Run a hardware-aware NAS search targeting a Cortex-M7 using MCUNetV2 or Once-for-All.
Deploy a keyword spotting model (DS-CNN) on an STM32 with latency < 20 ms.

2. Model Compression & Optimization

Quantization:
- Post-Training Quantization (PTQ): INT8, INT4, FP16, mixed-precision calibration, per-channel vs per-tensor.
- Quantization-Aware Training (QAT): Fake quantization nodes, straight-through estimator, fine-tuning for accuracy recovery.
- Advanced Techniques: GPTQ, AWQ, SmoothQuant for LLMs; binary/ternary networks for extreme compression.
- Tooling: TensorRT, ONNX Runtime quantization, AI Edge Torch, tinygrad quantization passes.
Pruning:
- Structured Pruning: Filter/channel pruning for hardware-friendly speedup; magnitude-based, Taylor, FPGM criteria.
- Unstructured Pruning: Weight-level sparsity, lottery ticket hypothesis, sparse tensor acceleration.
- Pruning + Quantization Pipelines: Combined compression with joint fine-tuning.
Knowledge Distillation:
- Teacher-student frameworks, feature-level vs logit-level distillation.
- Self-distillation and online distillation for edge scenarios.
- Distilling large models (LLMs, large vision models) into edge-deployable students.
Operator & Graph Optimization:
- Layer fusion (Conv-BN-ReLU), constant folding, dead code elimination.
- Custom operator implementation for target hardware.
- ONNX graph optimization and custom passes.

Resources:

TensorRT Documentation & Best Practices: NVIDIA's inference optimization guide.
"Neural Network Distillation" survey papers: Comprehensive overview of distillation methods.
ONNX Runtime Optimization: Cross-platform inference optimization.

Projects:

Quantize a ResNet-50 to INT8 using TensorRT PTQ; measure accuracy drop and speedup on Jetson.
Apply QAT to a detection model; compare accuracy vs PTQ on the same target.
Build a pruning + distillation pipeline: prune a BERT model, distill into TinyBERT, deploy on edge.

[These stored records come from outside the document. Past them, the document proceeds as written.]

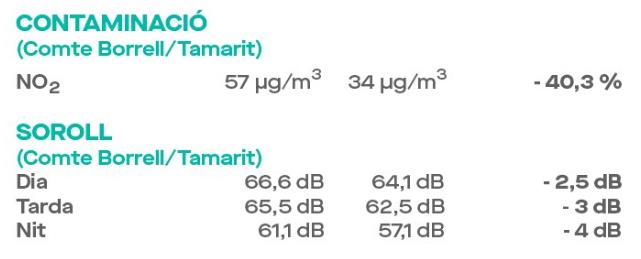 També hi ha hagut millores notables quant a la qualitat de l’aire i al soroll, tal com reflecteixen les mesures preses a la cruïlla entre Borrell i Tamarit. Els nivells de NO2 han disminuït un 40,3%, i la reducció del soroll es produeix durant tot el dia i sobretot en l’horari nocturn, amb 4 decibels menys a la nit. També s’ha detectat una reducció de vora 2 decibels a l’avinguda de Mistral, a l’entorn immediat de la superilla.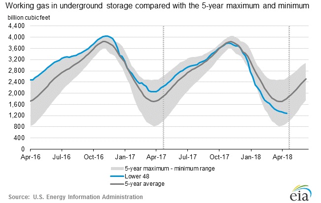 According to the latest numbers, working gas in the underground storage remains at 1.281 trillion cubic feet (Tcf). Stocks are 897 billion cubic feet (Bcf) lower than last year at this time and 527 Bcf below the five-year average. The chart from EIA shows the level of inventory. The second chart from investing.com shows weekly changes in inventory.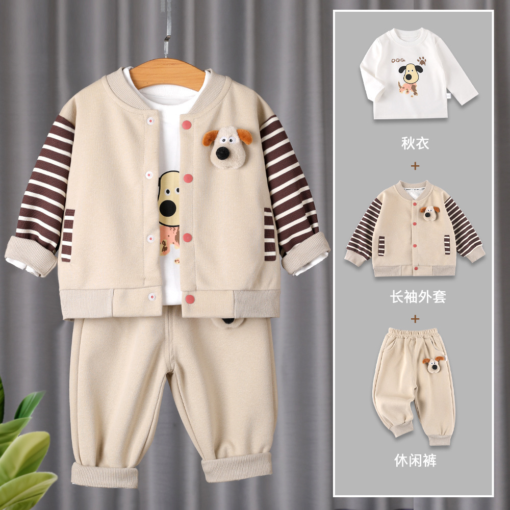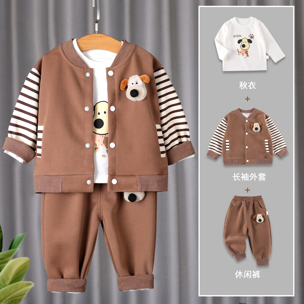소년 아동복 봄과 가을 세트 2025 새로운 아기 잘 생긴 캐주얼 어린이 긴팔 3 피스 세트 유행 줄무늬스토어 가기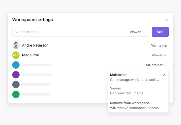 Control visibility like never before. Set up private workspaces with fine-grained access permissions — decide with your admin who can view, edit, or manage folders and documents. Assign roles like admin, editor, or viewer for each area to keep sensitive documents protected while enabling efficient teamwork.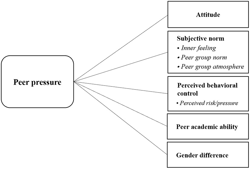 Peer pressure is not a unitary (i.e., one-dimensional) construct, but rather a multidimensional one (28). Based on the above dimensions of TPB and the specific connotation of peer pressure, the relevant literature was further sifted and summarized, and peer pressure was categorized into three dimensions: attitude (in this study, attitude refers to engineering students' attitudes toward learning and peer pressure), subjective norms and perceived behavioral control (23, 26), as shown in Figure 2. Among them, the connotation of subjective norms includes group atmosphere, group norms and inner feeling, and perceived behavioral control includes perceived pressure. In addition to the above three dimensions, for enhancing the explanatory power of TPB, two important factors inherent in peer pressure—gender difference and peer academic ability—were added to this study based on the analysis of existing studies in the literature.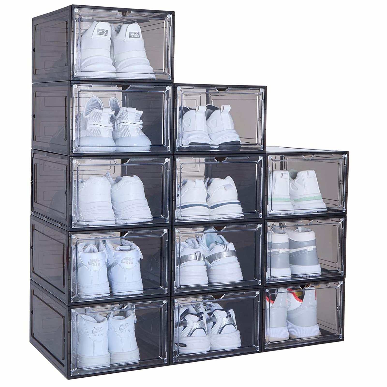 Amazon.com: containers for shoes Hrrsaki 15 Pack Shoe Organizers Storage Boxes for Closet, Clear Plastic Stackable Shoe Containers with Front Opening Lids, Ventilation and Dust-proof, Under Bed Shoe Storage for Entryway, Drop Front, Cubby, Fit for Women/Men Size 9(13" x 9" x 5.5"), White. 3.2 out of 5 stars 8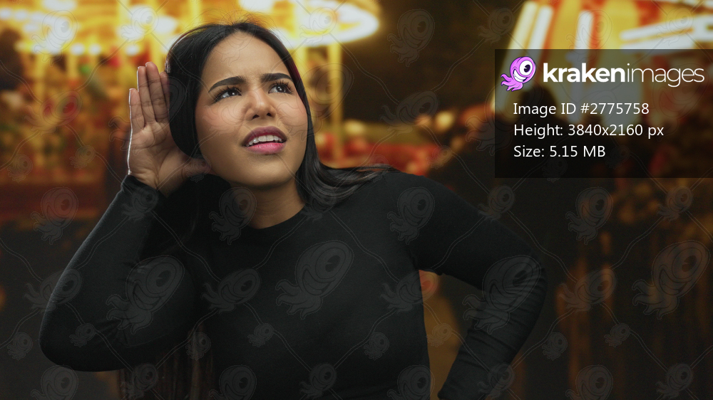 Woman listening at outdoor fair night scene with vibrant lights and crowd, showcasing lively atmosphere, amusement park excitement, and multicultural diversity. - Kraken Images

3. Edge Inference Runtimes & Deployment

NVIDIA TensorRT:
- Engine building, layer fusion, dynamic shapes, plugin API.
- INT8 calibration workflows, DLA (Deep Learning Accelerator) offloading on Jetson.
- Profiling with Nsight Systems and trtexec.
TensorFlow Lite / LiteRT:
- Converter workflow, delegate system (GPU, NNAPI, EdgeTPU, Hexagon DSP).
- Custom operators, model metadata, on-device training.
- Coral EdgeTPU: compiler, co-compilation, pipelining across multiple TPUs.
ONNX Runtime & Other Runtimes:
- Execution providers (CUDA, TensorRT, CoreML, QNN, XNNPACK).
- Mobile/embedded deployment patterns.
- Apache TVM: auto-tuning, Relay IR, microTVM for bare-metal targets.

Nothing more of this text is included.